Liz Hodgkinson (born 1945) is a British author and journalist who has written more than 50 books. Her books have been translated into over 20 languages. She has also written articles for most of the major British national newspapers in London, and for magazines for women. She has taught journalism for a decade.

==Early life==
Hodgkinson was born Elizabeth Garrett, and grew up, in the small Cambridgeshire town of St Neots.

She attended Huntingdon Grammar School, which was co-educational and which is now named Hinchingbrooke School. At the school, she became a close friend of Amaryllis Garnett and was influenced by the bohemian household of David and Angelica Garnett. She has written that her parents would have been happy enough for her to leave school at 16 and train as a secretary. "They had no idea of higher education or careers." However, she wanted more from a career, so she attended Durham University where she studied English. Hodgkinson has written that her period at university was dominated by an obsession she developed for a male student, which began at first sight and was to overshadow her subsequent relationships.

==Career==
After a short stint teaching, Hodgkinson became a freelance reporter and columnist. At first, in the years 1966–1970, she worked in Newcastle upon Tyne in north-east England, on the Thomson Newspapers the Evening Chronicle, the Newcastle Journal, and the Sunday Sun.

During these years, she married Neville Hodgkinson, also a journalist, who would also become a Daily Mail science and medical columnist and author of books. The couple's sons, Tom and Will, have both became journalists and authors like their parents.

The family moved to London, to a house in Richmond, and (like her husband) Hodgkinson gained a series of jobs in Fleet Street. In 1971–1972, Hodgkinson was Deputy Editor of the mother and baby magazine Modern Mother (long since closed), and then in 1972–1973 she worked as a columnist on the London Evening News. She then worked on four national newspapers: the Sunday People, The Sun, the Daily Mail, and The Times, where she was Women's Editor for a period during 1986. After that, in 1986 she became a freelance journalist, writing for The Times, The Guardian, The Independent, and the London Evening Standard, and again for the Daily Mail.

Using her experience as a journalist, Hodgkinson taught beginner, intermediate, and advanced classes in journalism at City Literary Institute for 10 years (1995–2005). One of her books, Ladies of the Street, was about the women who transformed journalism in Britain, from the heart of London in Fleet Street, from the late 19th century to the present day.

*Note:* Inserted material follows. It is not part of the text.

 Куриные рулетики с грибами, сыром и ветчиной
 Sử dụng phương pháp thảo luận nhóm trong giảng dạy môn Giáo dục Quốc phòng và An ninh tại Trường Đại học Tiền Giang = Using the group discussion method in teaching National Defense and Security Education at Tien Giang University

Hodgkinson's books are mostly devoted to four main subject areas, over time: first health; then lifestyle, including topics around religion and special ways of life (influenced by her by then ex-husband Neville's involvement with Indian religion); then biography, particularly of some individuals with changing sexuality; and latterly, as a complete change, real estate and property matters.

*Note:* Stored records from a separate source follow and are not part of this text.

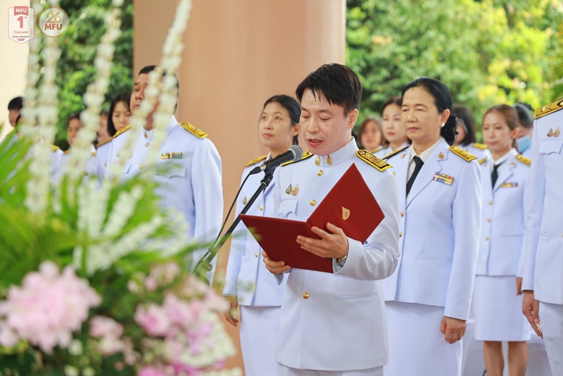 ผศ.ดร.ภาณุพงษ์ ใจวุฒิ รองอธิการบดีมหาวิทยาลัยแม่ฟ้าหลวง เป็นประธานในพิธี พร้อมด้วยผู้บริหาร พนักงาน และนักศึกษา ได้ร่วมกันแสดงความจงรักภักดีและถวายพระพรชัยมงคลแด่พระองค์ท่าน พิธีดำเนินไปตามลำดับ รองอธิการบดีประธานในพิธีเปิดกรวยกระทงดอกไม้ธูปเทียนแพหน้าพระฉายาลักษณ์สมเด็จพระนางเจ้าฯ พระบรมราชินี ตามด้วยพิธีกล่าวคำถวายพระพรชัยมงคล และการขับร้องเพลงสรรเสริญพระบารมี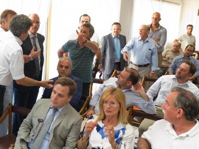 Στη συνέχεια, οι δικηγόροι της Θεσσαλονίκης αποκάλεσαν τον κ. Πεταλωτή «δήμιο» και «υφυπουργό της Τρόικας».Ακολούθησε άγριος καυγάς μεταξύ των δικηγόρων και η ομιλία Πεταλωτή διακόπηκε.Τελικά οι ταραξίες απομακρύνθηκαν και η ομιλία του συνεχίστηκε κανονικά.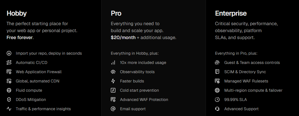 AWS 외의 다른 배포플랫폼 중 프론트엔드 배포에 최적화된 Vercel이 눈에 띄었고, 합리적인 무료 플랜, Next.JS에 특화 등의 이유로 Vercel을 선택하게 되었다.

She continues to contribute to publications and websites, including the Daily Mail’s Femail pages, The Daily Telegraph, and the magazines House Beautiful, The Lady, and Woman.

==Later life==
In the 1981, Hodgkinson's husband Neville became involved with the Brahma Kumaris religious movement. Seven years later, when their sons had reached adulthood, the couple amicably separated. Neville wrote that he deeply loved his wife but his spiritual journey affected the relationship. He moved to the Brahma Kumaris retreat centre at Nuneham House, Oxfordshire.

In the late 1980s, possibly as part of this personal crisis, although theirs was an amicable divorce, she began to think about the subject of how people can deal with such situations, and published a book on celibacy as a solution to personal problems. She followed that with Bodyshock, a journalism book on transsexuality.

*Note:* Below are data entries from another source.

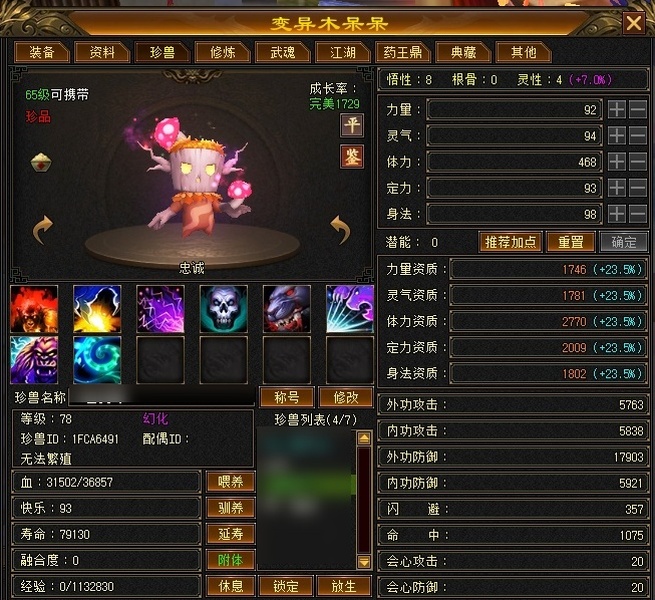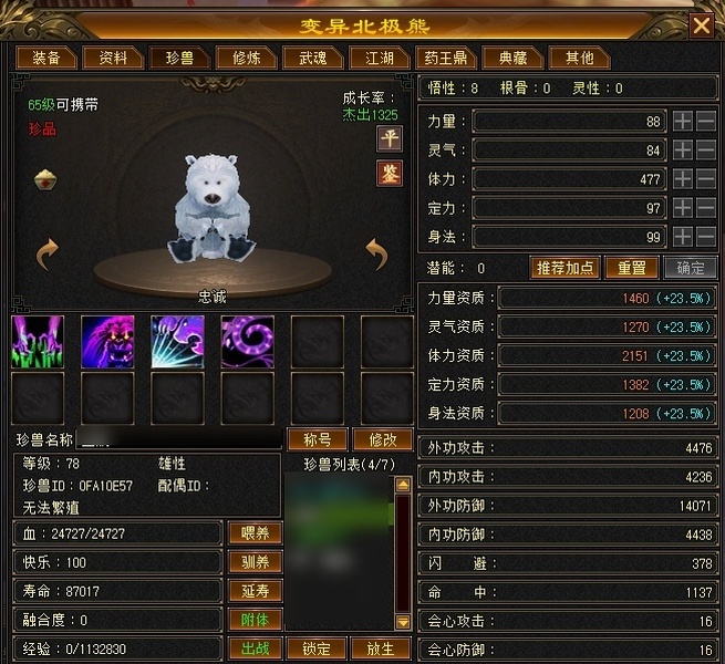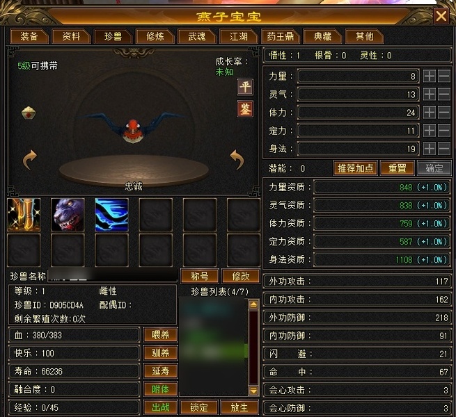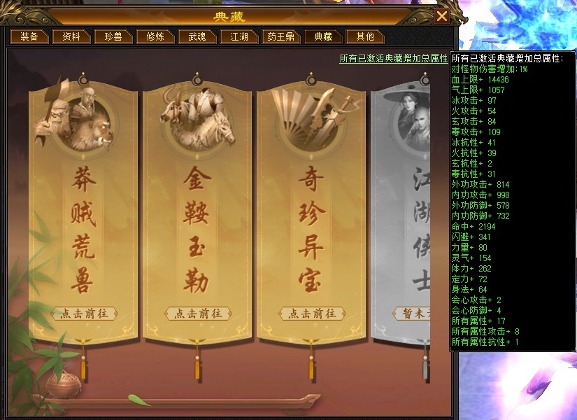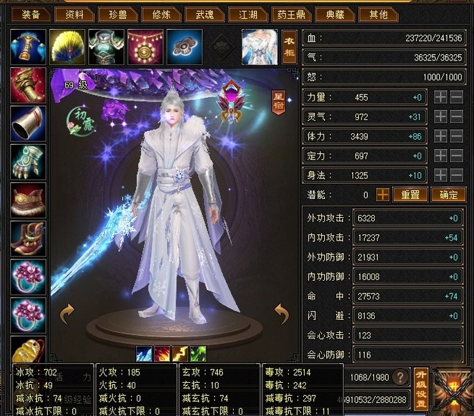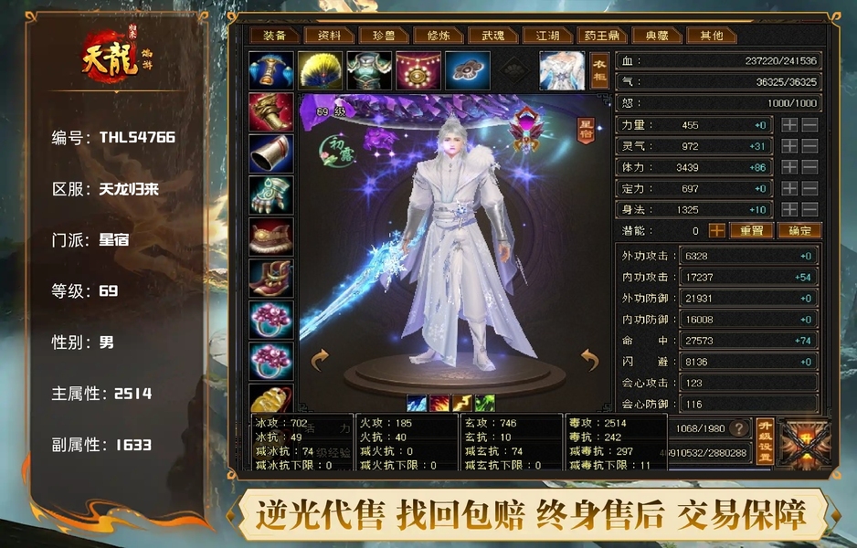 5体5属5命中4减抗暴力星宿,带30附体和成品PK宝宝,仓库还有3套4级抗性、2个4级减抗,一共4套4级抗,幻视冰剑3级,永久85%移速坐骑,包里加商会上架物资一共还有3000多金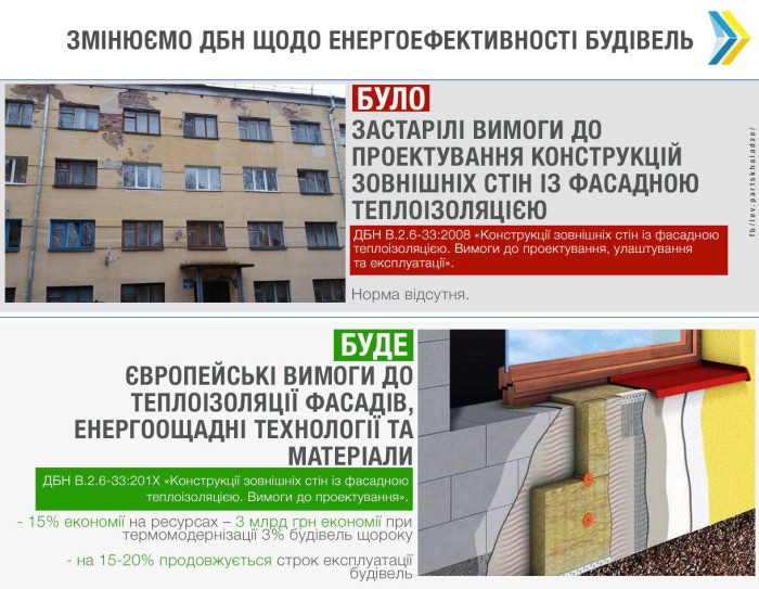 Министерство регионального развития, строительства и ЖКХ Украины вводит в государственных строительных нормах (ГСН) европейские требования к теплоизоляции фасадов зданий. Об этом сообщил замминистра регионального развития Лев Парцхаладзе, передает пресс-служба министерства.По его словам, благодаря этому украинцы смогут экономить до 15% тепловой энергии на ресурсах ежегодно. Соответствующие нормы содержатся в проекте новых ГСН. "Для большинства стран Европы и мира экономия на энергозатратах является правилом. В Украине это только начинают внедрять. Поэтому при обновлении ДБН по фасадной теплоизоляции мы предложили привести в соответствие с европейскими требования о проведении таких мероприятий, внедрить использование современных технологий и материалов, повысить надежность их использования. Благодаря этому украинцы смогут экономить до 15% тепла. В целом это около 3 млрд грн экономии при термомодернизации 3% всех зданий ежегодно. И чем больше будет реконструироваться и строиться таких домов, тем больше будет расти экономия", - отметил он. По словам Парцхаладзе, проведение таких мероприятий позволит также на 15-20% повысить срок эксплуатации зданий. "Если сегодня примерный срок эксплуатации здания составляет 100 лет, то проведение мероприятий по теплоизоляции фасадов продолжает ей жизнь еще до 20 лет", - рассказал замминистра. Нормы распространяются на проектирование конструкций наружных стен с фасадной теплоизоляцией жилых, общественных и промышленных зданий и сооружений при новом строительстве, реконструкции и капитальном ремонте (термомодернизации). Обновленный ГСН разработан Государственным научно-исследовательским институтом строительных конструкций и будет принят в ближайшее время, заверяют в министерстве. ![]() | |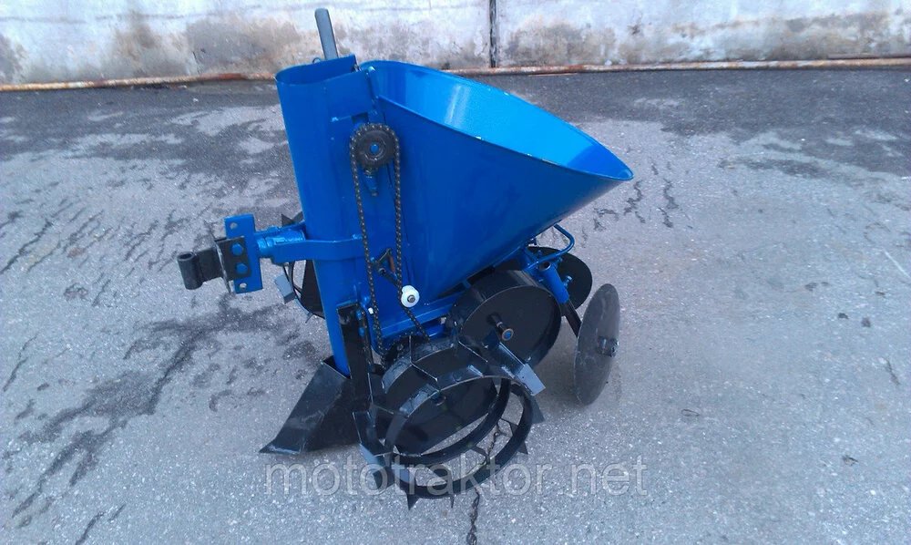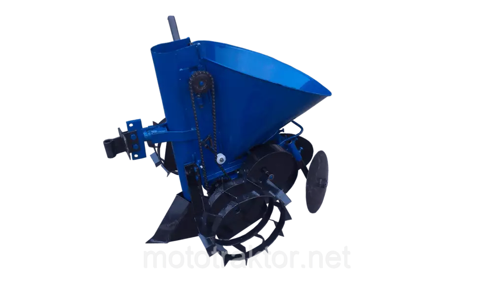 В комплект поставки входит универсальное сцепное устройство для агрегатирования картофелесажалки к любому мотоблоку без дополнительной сцепки.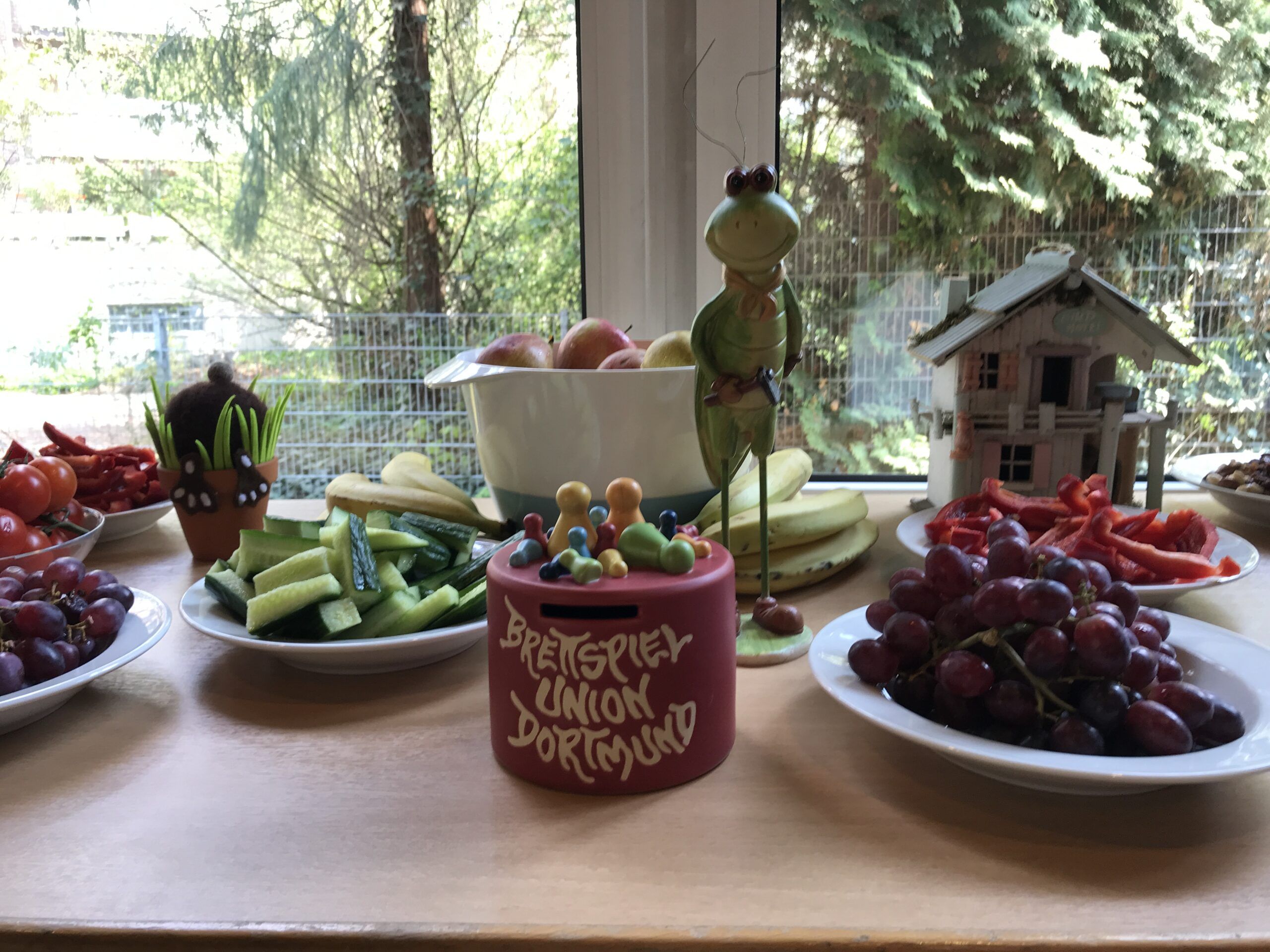 Ein reichlich gedeckter Tisch mit Kuchen, geschnittenem Gemüse, Obst, Kaffee, Saft und Wasser verschaffte dem hungrigen und durstigen Körper satte und Sitte Befriedigung.

After her divorce, she again suffered obsessive thoughts about a male student from her university days. She sought psychotherapy and wrote a book on the experience: "I believe that with obsessive love, time is no healer at all. The experience of obsessive love can be likened to dropping a stitch in knitting, and never picking it up. The knitting never quite looks right from then on, unless we unpick it and start again from the mistake." She became friends with journalist John Sandilands, then saw him as her partner; and for many years they shared a holiday flat in Worthing, West Sussex; but she has lived alone since his death in 2004. She has (as of late 2016) between them given her five grandchildren.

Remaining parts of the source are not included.